Als das Frühstück beendet war, spielten der muntere alte Herr und die beiden Knaben ein äußerst sonderbares und ungewöhnliches Spiel. Der alte Herr steckte eine Dose, eine Brieftasche und eine Uhr in seine Taschen, eine Brustnadel in sein Hemd, hing eine Uhrkette um den Hals, knöpfte den Rock dicht zu, ging auf und ab, blieb bisweilen stehen, als wenn er in einen Laden hineinsähe, blickte beständig umher, als wenn er Furcht vor Dieben hegte, befühlte seine Taschen, wie um sich zu überzeugen, ob er auch nichts verloren hätte, und machte das alles so spaßhaft und natürlich, daß Oliver lachte, bis ihm die Tränen über die Wangen hinabliefen. Die beiden Knaben verfolgten unterdes den Alten und entschwanden, wenn er sich umdrehte, seinen Blicken mit der bewunderungswürdigsten Behendigkeit. Endlich trat ihm der Baldowerer wie zufällig auf die Zehen, während Charley Bates von hinten gegen ihn anrannte, und sie entwendeten ihm dabei Taschentuch, Uhr, Brustnadel usw. so geschickt, daß Oliver kaum ihren Bewegungen zu folgen vermochte. Fühlte der alte Herr eine Hand in einer seiner Taschen, so war der Dieb gefangen, und das Spiel fing von vorn wieder an.

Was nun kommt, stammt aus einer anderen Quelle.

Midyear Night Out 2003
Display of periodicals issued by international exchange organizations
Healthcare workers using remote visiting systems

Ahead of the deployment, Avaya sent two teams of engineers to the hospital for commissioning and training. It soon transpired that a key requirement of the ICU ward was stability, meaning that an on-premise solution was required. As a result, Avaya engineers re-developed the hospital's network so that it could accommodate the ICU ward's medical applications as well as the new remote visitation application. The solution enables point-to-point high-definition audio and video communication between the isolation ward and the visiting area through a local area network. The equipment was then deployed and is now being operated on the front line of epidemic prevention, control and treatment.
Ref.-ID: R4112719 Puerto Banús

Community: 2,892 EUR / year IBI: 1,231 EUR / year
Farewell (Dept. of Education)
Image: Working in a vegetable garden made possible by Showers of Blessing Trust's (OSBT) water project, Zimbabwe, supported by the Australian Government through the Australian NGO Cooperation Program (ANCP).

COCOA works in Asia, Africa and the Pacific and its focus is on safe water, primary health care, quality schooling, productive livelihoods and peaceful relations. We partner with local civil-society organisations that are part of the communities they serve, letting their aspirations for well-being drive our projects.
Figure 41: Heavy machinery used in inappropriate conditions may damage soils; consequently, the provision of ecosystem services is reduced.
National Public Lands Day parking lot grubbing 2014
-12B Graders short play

Es war mehreremal durchgespielt, als zwei junge Damen erschienen, um die jungen Herren zu besuchen. Die eine hieß Betsy, die andere Nancy. Ihr Haar war nicht in der genauesten Ordnung, ihre Schuhe und Strümpfe schienen nicht im besten Zustande zu sein. Sie waren vielleicht nicht eigentlich schön, hatten aber viel Farbe und ein kräftiges, munteres Aussehen. Ihre Manieren waren sehr frei und angenehm, und so meinte Oliver, daß sie sehr artige Mädchen wären, was sie auch ohne Zweifel waren.

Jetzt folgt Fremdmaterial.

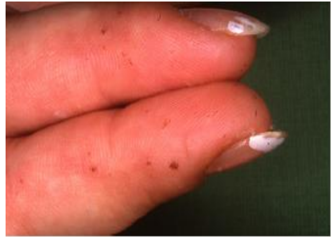
Fig 3: Purpura on the fingers of patient suffering from dermatitis herpetiformis [4]

A rare clinical manifestation is purpura on the palms. This clinical picture is more common in children, but several cases in adults have also been reported. Clinically purpura appears on the hands, as in Figure 3, and / or the soles of the feet. It is suspected that trauma is an etiological factor. No dorsal surface involvement of the hands and feet was reported [1, 4].
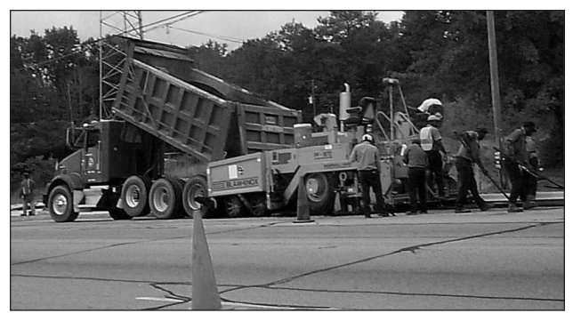
Summer street resurfacing has begun.

Please use caution as you travel in the areas that are under construction. We appreciate your patience as we strive to maintain Auburn's roadways in a good condition and improve our transportation network.
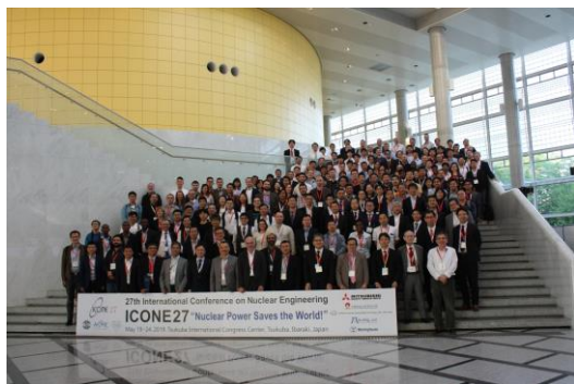
Participants in ICONE27

One of the most important program of the ICONE is "Student Program". 50 students were invited from Japan/Asia, China, North America and Europe using supporting fund by JSME, ASME and CNS. They had fruitful discussions with other countries' students and
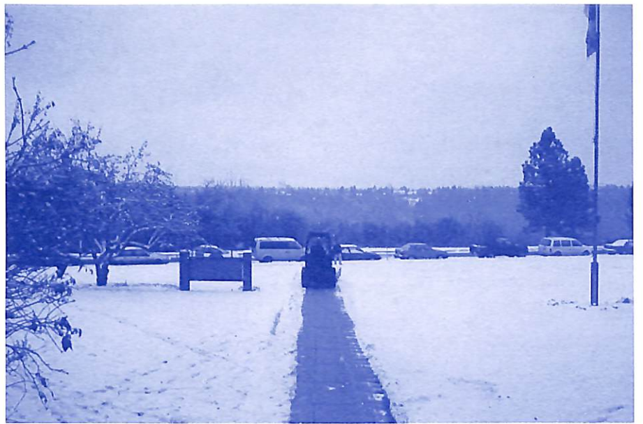
"Hey Lazer-lips, yo' mamma was a snowblower" - Short Circuit
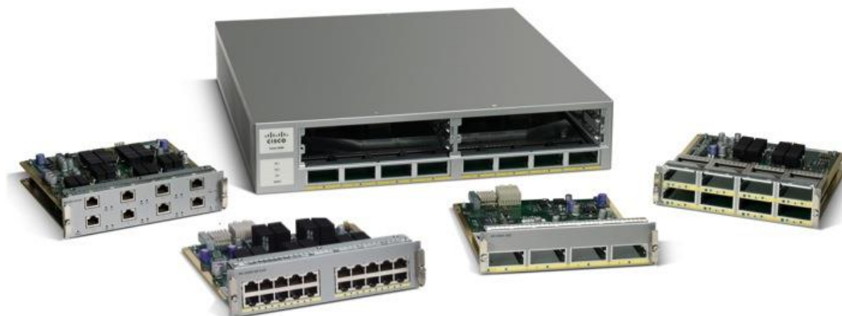
Figure 1. Cisco Catalyst 4900M Switch

The Cisco Catalyst 4900M configuration provides wire-speed connection, buffers to handle bursty traffic, and a comprehensive set of Layer 3 features required at the collapsed core and aggregation layer of the network. The Cisco Catalyst 4900M also supports a suite of ease-of-management features to simplify operations.
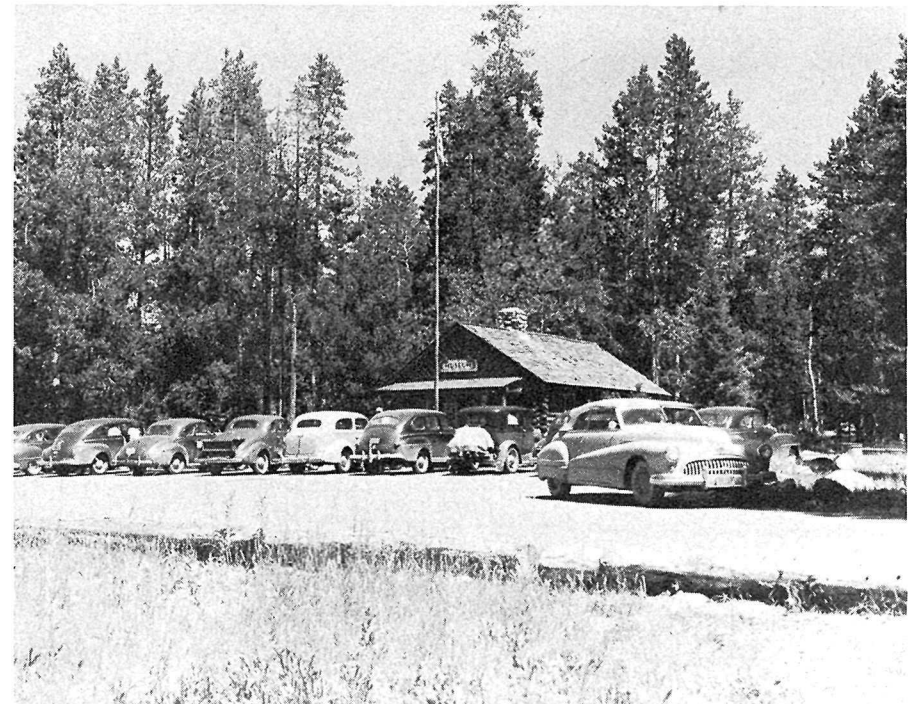
The Jenny Lake Museum—Public Information Center.

Persons inexperienced in mountain climbing are requested to obtain the services of a mountain-climbing guide,

Sie blieben lange. Es wurden geistige Getränke gebracht, da die jungen Damen über innerliche Kälte klagten, und die munterste Unterhaltung entspann sich. Endlich erinnerte sich Charley Bates, daß es Zeit sei, auszugehen. Der gute alte Herr gab ihm und dem Baldowerer verschiedene Anweisungen und Geld zum Ausgeben, worauf sie sich nebst Betsy und Nancy entfernten.

«Ist's nicht ein angenehmes Leben, das meine Knaben führen?» sagte Fagin.

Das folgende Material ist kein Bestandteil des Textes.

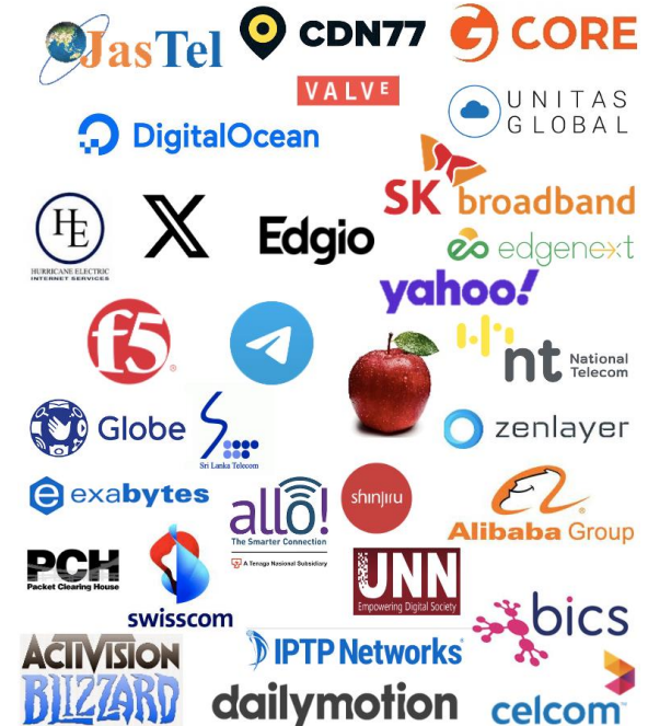
Overview of select DE-CIX ASEAN member networks which are not yet based in Jakarta
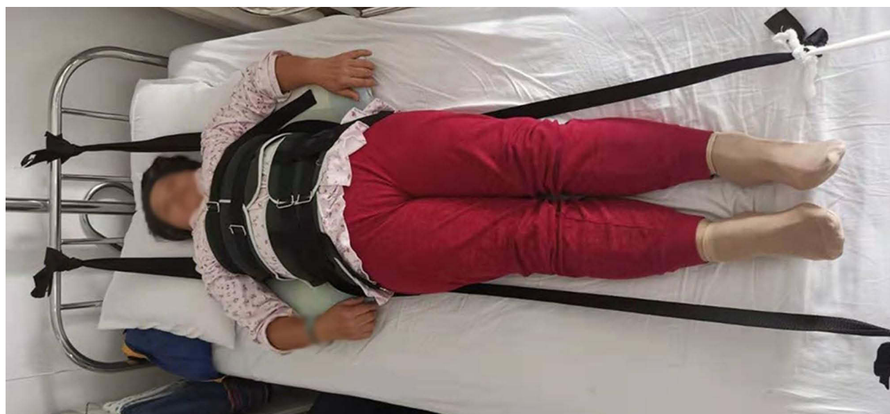
Figure 1 Preoperative traction (PT) using lumbar traction apparatus for the treatment of severe thoracolumbar osteoporotic vertebral compression fractures (OVCFs).

All operations were performed under general anesthesia. The patients took a prone position and the operating bed
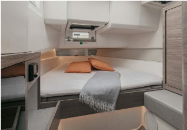
Saxdor 400 GTC For Sale
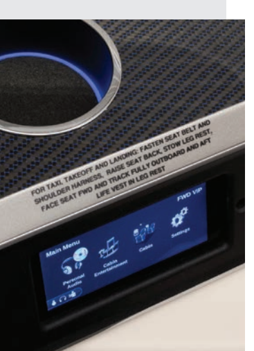
Rockwell Collins Venue™ installed in a Global Express.

Our satellite shops are located at the busiest corporate aviation airports around the country. See a map here: www.DuncanAviation.aero/locations/#satellites.

«Sind sie denn auf Arbeit ausgegangen?» fragte Oliver.

«Allerdings», erwiderte der Jude; «und sie arbeiten den ganzen Tag unverdrossen, wenn sie nicht werden gestört. Nimm sie dir zum Muster, mein Kind; tu alles, was sie dir heißen; und folg' jederzeit ihrem Rat, besonders dem des Baldowerers. Er wird werden ein großer Mann und auch aus dir machen 'nen großen Mann, wenn du dir ihn zum Vorbilde nimmst. Hängt mein Taschentuch aus der Tasche, mein Lieber?»

«Ja, Sir!» sagte Oliver.

«So sieh einmal zu, ob du es herausziehen kannst, ohne daß ich's fühle, wie du's vorhin gesehen hast von den beiden.»

Oliver erinnerte sich genau, wie er es Jack hatte tun sehen, und tat es ihm nach.

«Ist's heraus?»

«Hier ist es, Sir.»

«Du bist ein kluger Knabe», sagte der alte Herr, ihm die Wange klopfend; «ich habe niemals gesehen ein anstelligeres Kind. Da hast du 'nen Schilling. Fährst du so fort, so wirst du werden der größte Mann deiner Zeit. Doch will ich dir jetzt zeigen, wie man herauslöst die Buchstaben.»

Oliver konnte gar nicht begreifen, wie er ein großer Mann dadurch werden könne, daß er dem alten Herrn das Tuch aus der Tasche zöge, meinte jedoch, daß es der so viel ältere besser wissen müsse als er, und war bald eifrig mit seinen neuen Studien beschäftigt.